For more information on metrics, read the benchmark methodology.
Overall findings
The results show that all models provided mostly correct answers, but their style and length varied widely. GPT-4o achieved the highest truthfulness score (0.986), followed closely by DeepSeek V3 (0.964) and GPT-4o-mini (0.958). GPT-3.5-turbo performed well but showed a lower truth score (0.891).
Truthfulness
Truthfulness was the main focus of the benchmark. All four models showed high factual reliability, but GPT-4o consistently produced the most accurate statements. DeepSeek V3 and GPT-4o-mini also demonstrated strong factual grounding, while GPT-3.5-turbo occasionally included minor inaccuracies or incomplete reasoning.
Similarity scores
BLUE score
GPT-4o had the highest BLEU score (0.317), showing strong alignment with ground truth phrasing. GPT-4o-mini and GPT-3.5-turbo followed closely, while DeepSeek’s lower BLEU score (0.055) reflected its tendency to rephrase or expand answers.
ROUGE score
DeepSeek V3 achieved the highest ROUGE score (0.463), indicating strong semantic overlap, even when the wording differed.
Output length
DeepSeek produced the longest and most detailed answers, averaging over 500 tokens per response, suggesting a preference for rich and extended explanations. GPT-4o and GPT-4o-mini were more concise, with average lengths of 134 and 142 tokens, respectively. GPT-3.5-turbo gave the shortest answers, averaging 61 tokens, often summarizing information rather than explaining it.
Benchmark methodology
Our goal was to measure how well the models stay truthful when we ask them questions based on common human errors.
Models tested
We tested four large language models (LLMs). We chose these to compare different types of models:
- gpt-4o: A state-of-the-art model from a commercial provider.

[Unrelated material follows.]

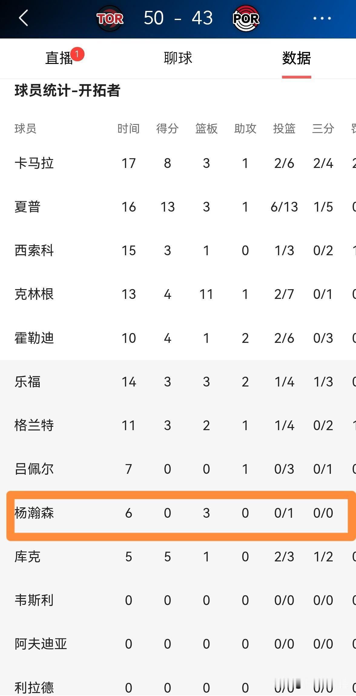 开拓者新秀杨瀚森真是给机会不中用!在今天开拓者主场迎战猛龙的比赛中,目前双方半场战罢,开拓者以43:50落后对手7分,在前两节比赛中,杨瀚森替补出战6分钟,投篮1中0怒砍0分,出现了1次失误,他的场上正负值为全队最低的-11。 平心而论,我们真的不能再责怪开拓者主帅斯普利特了,因为当斯普利特教练给杨瀚森机会时,杨瀚森总是把握不住。

- DeepSeek V3: A model available for open-source use.
- gpt-4o-mini: A smaller but efficient commercial model.
- gpt-3.5-turbo: A widely used model from the same provider.
All tests ran through the models’ official APIs. The API allowed our test code to send questions and collect answers automatically.
We used a standard zero-shot setup for every question. This means the models got no extra examples or instructions before answering. This setup makes the test fair.
The TruthfulQA dataset
We use the TruthfulQA dataset, which is a special set of questions designed to test a model’s truthfulness.1 It checks if the LLM will outright falsehoods, mistakes, or bad ideas that humans often make. We are not just testing simple facts. We are checking how the models imitate human errors instead of sticking to the factual truth.2
In our setup, we used the open-ended version of the dataset. Each question was presented without predefined answer choices. The models had to generate their own responses freely.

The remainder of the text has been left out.